** Input follows **

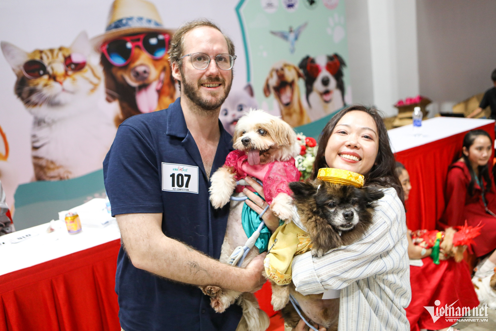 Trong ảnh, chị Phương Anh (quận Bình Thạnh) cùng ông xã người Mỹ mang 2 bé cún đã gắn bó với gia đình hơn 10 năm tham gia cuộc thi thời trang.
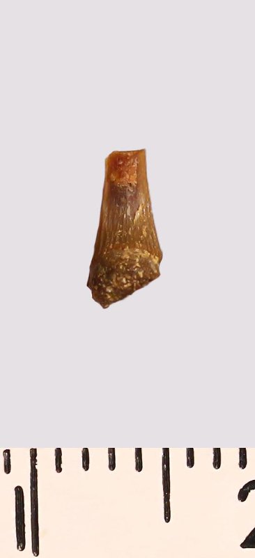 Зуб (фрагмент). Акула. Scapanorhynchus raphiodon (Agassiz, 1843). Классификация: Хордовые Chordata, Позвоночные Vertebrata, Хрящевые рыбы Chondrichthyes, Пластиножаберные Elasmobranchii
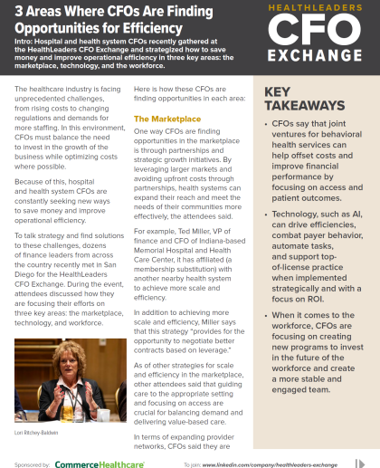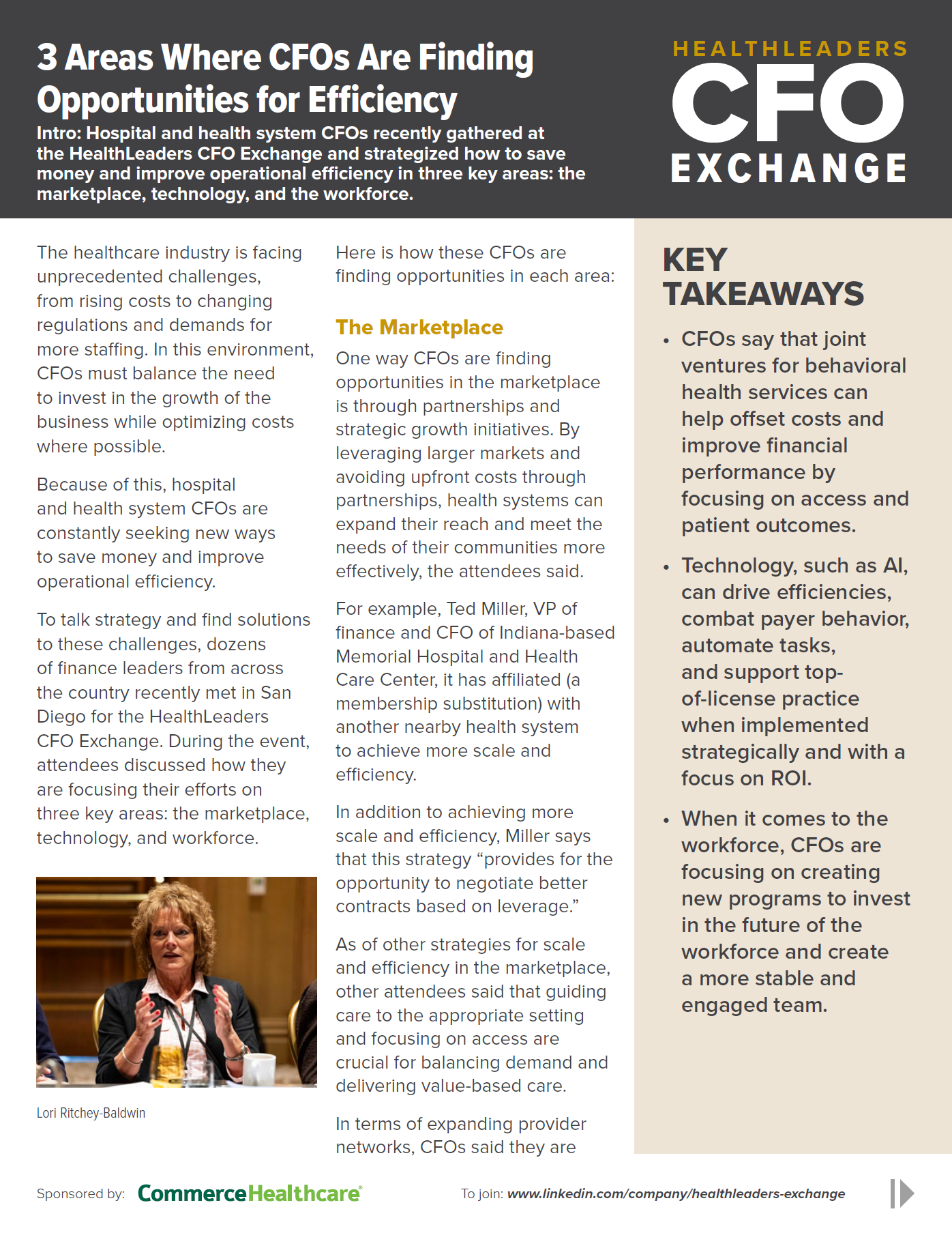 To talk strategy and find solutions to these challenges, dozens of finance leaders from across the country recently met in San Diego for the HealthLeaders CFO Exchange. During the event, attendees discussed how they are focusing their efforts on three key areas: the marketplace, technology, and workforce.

** End of Input **
** Input follows **

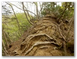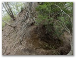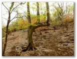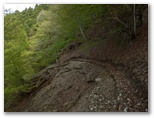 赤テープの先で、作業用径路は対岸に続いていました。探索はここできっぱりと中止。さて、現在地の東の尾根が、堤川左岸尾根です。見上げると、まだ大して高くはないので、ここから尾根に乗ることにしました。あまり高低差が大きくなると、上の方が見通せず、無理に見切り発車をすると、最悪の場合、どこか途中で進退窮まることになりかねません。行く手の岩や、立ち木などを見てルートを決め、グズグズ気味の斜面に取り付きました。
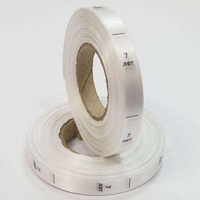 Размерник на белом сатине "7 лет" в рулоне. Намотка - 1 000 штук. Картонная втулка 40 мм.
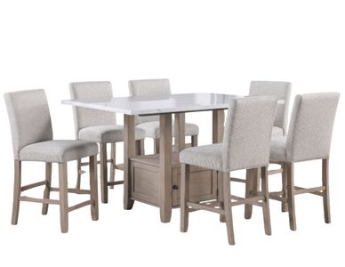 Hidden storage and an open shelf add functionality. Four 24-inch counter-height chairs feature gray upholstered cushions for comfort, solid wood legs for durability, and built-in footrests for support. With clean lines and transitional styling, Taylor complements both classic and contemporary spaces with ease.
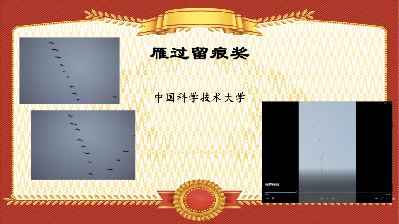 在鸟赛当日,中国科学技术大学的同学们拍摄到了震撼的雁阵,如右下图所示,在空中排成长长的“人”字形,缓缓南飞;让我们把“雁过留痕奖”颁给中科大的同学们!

** End of Input **
** Input follows **

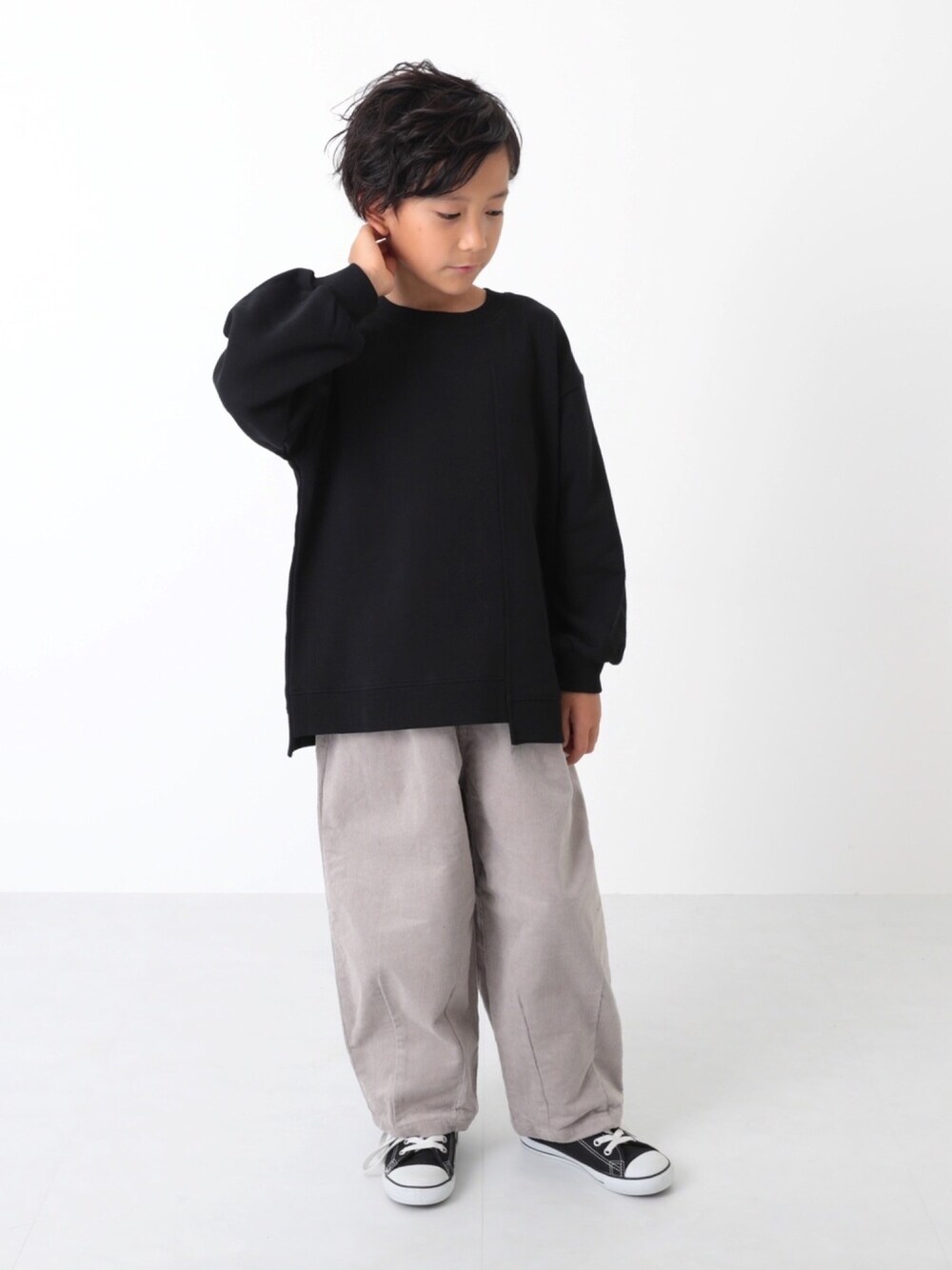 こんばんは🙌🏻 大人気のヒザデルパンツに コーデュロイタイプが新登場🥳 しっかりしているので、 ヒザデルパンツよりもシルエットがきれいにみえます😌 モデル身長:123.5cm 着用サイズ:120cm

** End of Input **

— The task —
Working from the entries above, please transcribe only the lines from the line with "Trong ảnh, chị" through the line with "To talk strategy", exactly, with both end lines and without pictures.

— Solution to this exercise —
 Trong ảnh, chị Phương Anh (quận Bình Thạnh) cùng ông xã người Mỹ mang 2 bé cún đã gắn bó với gia đình hơn 10 năm tham gia cuộc thi thời trang.
 Зуб (фрагмент). Акула. Scapanorhynchus raphiodon (Agassiz, 1843). Классификация: Хордовые Chordata, Позвоночные Vertebrata, Хрящевые рыбы Chondrichthyes, Пластиножаберные Elasmobranchii
 To talk strategy and find solutions to these challenges, dozens of finance leaders from across the country recently met in San Diego for the HealthLeaders CFO Exchange. During the event, attendees discussed how they are focusing their efforts on three key areas: the marketplace, technology, and workforce.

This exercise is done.